Luego, tranquilamente, limpió de sangre el puñal y se lo puso en la faja. Con la seguridad del

vencedor, dio media vuelta y empezó a alejarse. Ese fue su error. Porque el Valenciano, en

cuanto lo vio de espaldas agarró su cuchillo, dio dos saltos y se lo clavó a Miguel por la espalda.

Esta vez el sorprendido fue Miguel, pero no tuvo tiempo de decir nada. El cuchillo le había

atravesado el corazón. Aguantó unos segundos de pie, sin volverse, y luego se desplomó

pesadamente hacia adelante. Estaba muerto. El Valenciano le dijo:

- Tan hombre que te crees, a ver si te vale el médico a ti ahora.

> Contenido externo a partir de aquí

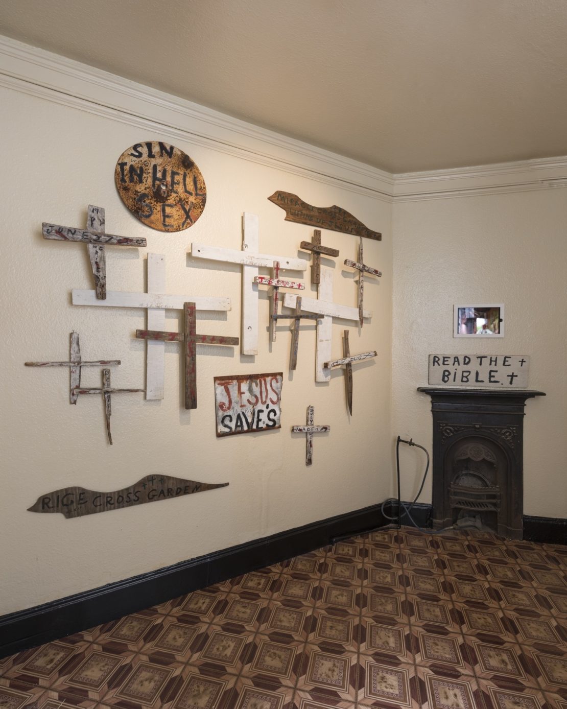 In the small back room, hastily crafted crucifixes by another religious American outsider, William Carlton Rice, are tacked up on the walls along with the sober warning: "You will die." (Rice made thousands of these crucifixes.) Also there are fragments of intense carvings by Karl Junker, who confined himself to the attic of his Junkerhaus so that he could turn the rest of the building into a life-size doll's house.

El Valenciano se dio cuenta de que le temblaban las piernas. Se miró de nuevo la herida, y

estuvo a punto de perder el conocimiento. Dejó el cuchillo clavado en la espalda de Miguel

Pellicer, se quitó una alpargata y se la apretó contra la herida del vientre, para que no se le

salieran los intestinos. Volvió al pueblo, y fue a pedir ayuda a uno de sus amigos. Este lo llevó a

casa del médico para que lo curara. Luego contó lo que le había ocurrido, cómo había tenido

una pelea con Miguel Pellicer, que le había insultado, y cómo le había matado. Pero la versión

que él contó no coincidía con lo que vieron quienes fueron a recoger el cuerpo del muerto y

vieron que tenía el cuchillo clavado en la espalda. Se dio parte a la guardia civil, que se personó

en el pueblo y en cuanto el Valenciano estuvo en condiciones de viajar se lo llevaron a Alcañiz.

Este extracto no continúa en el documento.